Definition:Homomorphism (Abstract Algebra)/Cartesian Product
Definition
Let $\phi: \struct {S, \circ} \to \struct {T, *}$ be a mapping from one algebraic structure $\struct {S, \circ}$ to another $\struct {T, *}$.
We define the cartesian product $\phi \times \phi: S \times S \to T \times T$ as:
- $\forall \tuple {x, y} \in S \times S: \map {\paren {\phi \times \phi} } {x, y} = \tuple {\map \phi x, \map \phi y}$
Hence we can state that $\phi$ is a homomorphism if and only if:
- $\map \ast {\map {\paren {\phi \times \phi} } {x, y} } = \map \phi {\map \circ {x, y} }$
using the notation $\map \circ {x, y}$ to denote the operation $x \circ y$.

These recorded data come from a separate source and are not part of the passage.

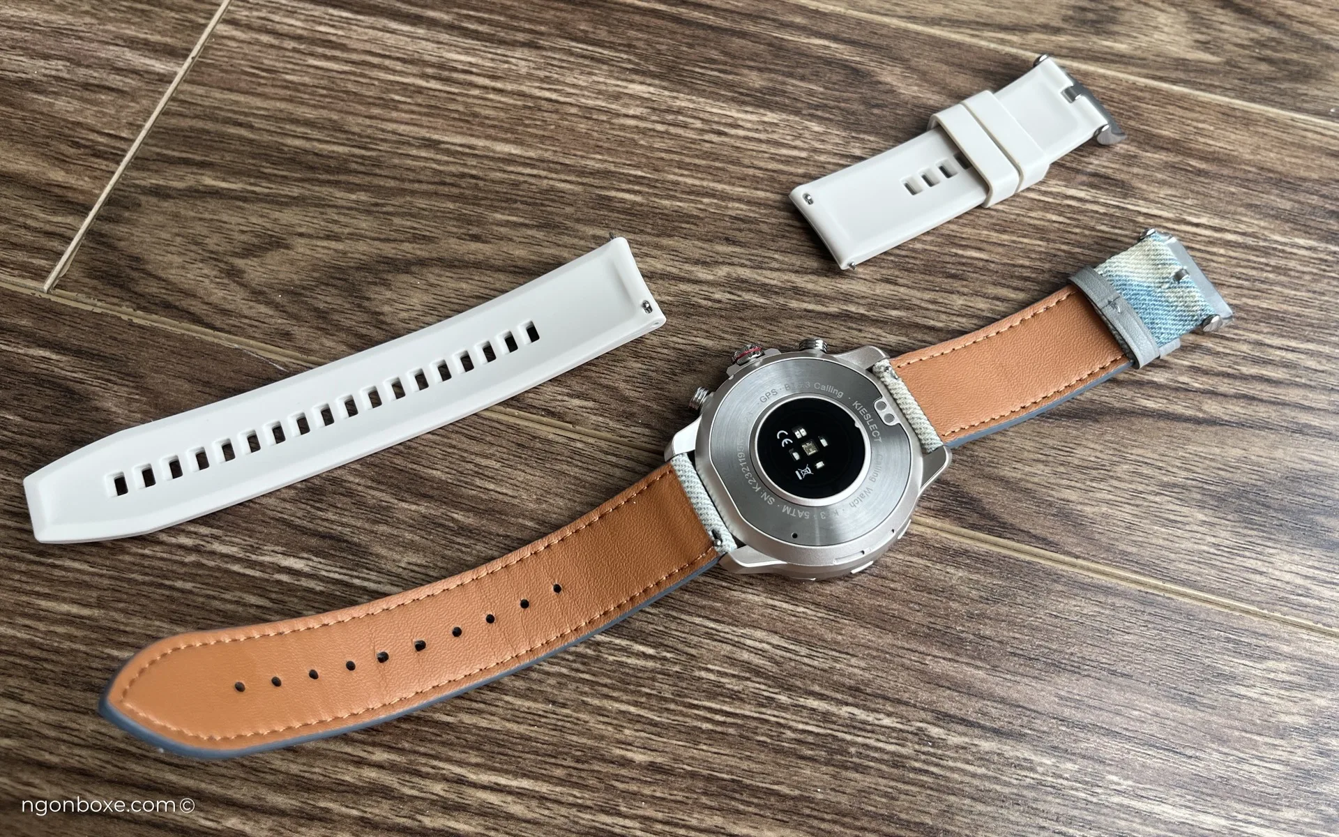 Đi kèm với Kieslect KR3 sẽ có sẵn miếng dán bảo vệ màn hình và 2 sợi dây đeo, một sợi bằng silicon cơ bản và một sợi denim phong cách phai màu, bụi bặm.
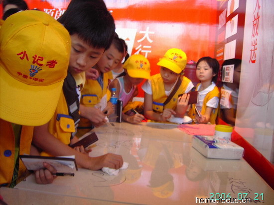 “新亮爽”大行動成為深圳小記者的關注目標自己在地上的涂畫能否輕松擦掉?日前,在深圳設計文化節上,深圳小記者協會的20多個小記者在中源朗高陶瓷展位找到答案。    小記者們在工作人員的指導下,即興用油性筆在光亮的磚面寫字或涂畫,然后用抹布輕松地把痕跡抹去。工作人員告訴小朋友,以后在家里就可以很好地幫助媽媽清潔地面了。   據了解,中源朗高陶瓷是中國陶業航
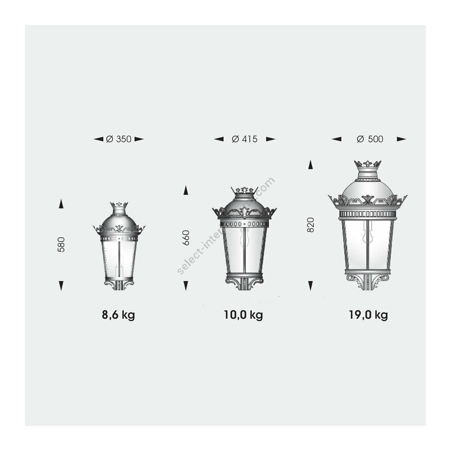 A dual-shade post light is designed by Robers (Germany) as a combination of the most popular styles - Victorian and Classic. They are recognized in the shape of the shades and the decoration of the column. This especially high post lamp provides for a powerful light, serving at the same time as a majestic decoration of the garden or the driveway. Its column has got an uncommon solution expressed in a mixture of shapes and carving, and is crowned by the finial. The lantern-shaped shades support the decorative mood with the floral motifs around the upper and lower parts of the roof. The fixture can be tinted into one of 10 finishes to match the landscape perfectly.
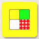 Amarelo. Verde. Branca. Bolinhas vermelha.

The point of doing this is so we can illustrate what is going on in a commutative diagram:
- $\begin{xy} \[email protected]+2mu@+1em{ S \times S \ar[r]^*{\circ} \ar[d]_*{\phi \times \phi} & S \ar[d]^*{\phi} \\ T \times T \ar[r]_*{\ast} & T }\end{xy}$
Thus we see that $\phi$ is a homomorphism if and only if both of the composite mappings from $S \times S$ to $T$ have the same effect on all elements of $S \times S$.
Linguistic Note
The word homomorphism comes from the Greek morphe (μορφή) meaning form or structure, with the prefix homo- meaning similar.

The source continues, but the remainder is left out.